The following step will apply the warps and bring the FA data to MNI space:
!tbss_3_postreg -S
using pre-chosen target for registration
transforming all FA images into MNI152 space
dti_FA_FA
merging all upsampled FA images into single 4D image
creating valid mask and mean FA
skeletonising mean FA
now view mean_FA_skeleton to check whether the default threshold of 0.2 needs changing, when running:
tbss_4_prestats <threshold>
The “-S” option will create files called “mean_FA” and “mean_FA_skeleton” based on the mean of all of the subjects that have been analyzed in with the previous steps. Since we only have one subject in this case, it will be the same as the single FA image that we have been processing.

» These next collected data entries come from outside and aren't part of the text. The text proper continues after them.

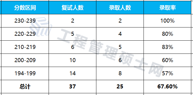 一志愿进入复试共计37人,进入复试最高分233分,最低分194分;拟录取25人,拟录取最高分233分,最低分194分,录取率为67.6%。
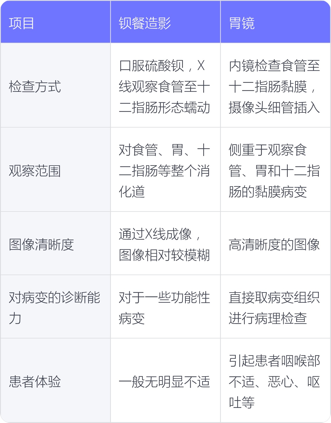 钡餐造影可以对食管、胃、十二指肠等整个消化道进行大致的观察,能发现一些较大的病变。胃镜主要侧重于观察食管、胃和十二指肠的黏膜病变,对于微小病变的发现更为敏感。
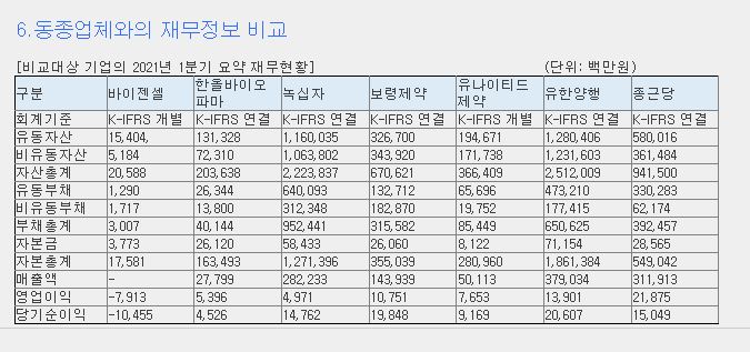 기술 특례 기업 상장으로 지금 매출액이 없다는 것이 특이점인데요. 매출이나 자산규모는 다른 기업들과 비교해 보았을때는 작은 규모로 보여집니다. 앞으로 나올 신약이 성공하느냐에 따라 매출도 나오고 이익이 생기는 시점일 것으로 보여집니다.

You can check the normalization of the FA data by typing the following:
plotting.view_img('stats/mean_FA.nii.gz', threshold=0.3)
/home/jovyan/.local/lib/python3.12/site-packages/numpy/core/fromnumeric.py:771: UserWarning: Warning: 'partition' will ignore the 'mask' of the MaskedArray.
a.partition(kth, axis=axis, kind=kind, order=order)
# Load FA map
fa_nii = nib.load("./FA/dti_FA_FA.nii.gz")
fa_data = fa_nii.get_fdata()
# Load V1 map
v1_nii = nib.load("../dti_V1.nii.gz")
v1_data = v1_nii.get_fdata() # shape = (X, Y, Z, 3)
# Scale eigenvectors by FA to get color FA map (DEC map)
dec_data = np.abs(v1_data) * fa_data[..., None]
# Prepare header and save new image
hdr = v1_nii.header.copy()
hdr.set_intent("vector")
hdr["intent_name"] = b"RGB"
dec_nii = nib.Nifti1Image(dec_data.astype(np.float32), v1_nii.affine, header=hdr)
nib.save(dec_nii, "./FA/dti_DEC.nii.gz")
nv = NiiVue()
nv.load_volumes([{"path": './FA/dti_DEC.nii.gz'},
])
nv
Epilogue#
This demonstration has showed you how to unwarp and preprocess a diffusion-weighted image for a single subject, which generates an FA image which you can use for statistical analysis. As an exercise, trying adapting this notebook to analyze a handful of subjects from the same dataset, calculate their FA images, and then submit them to a group-level analysis.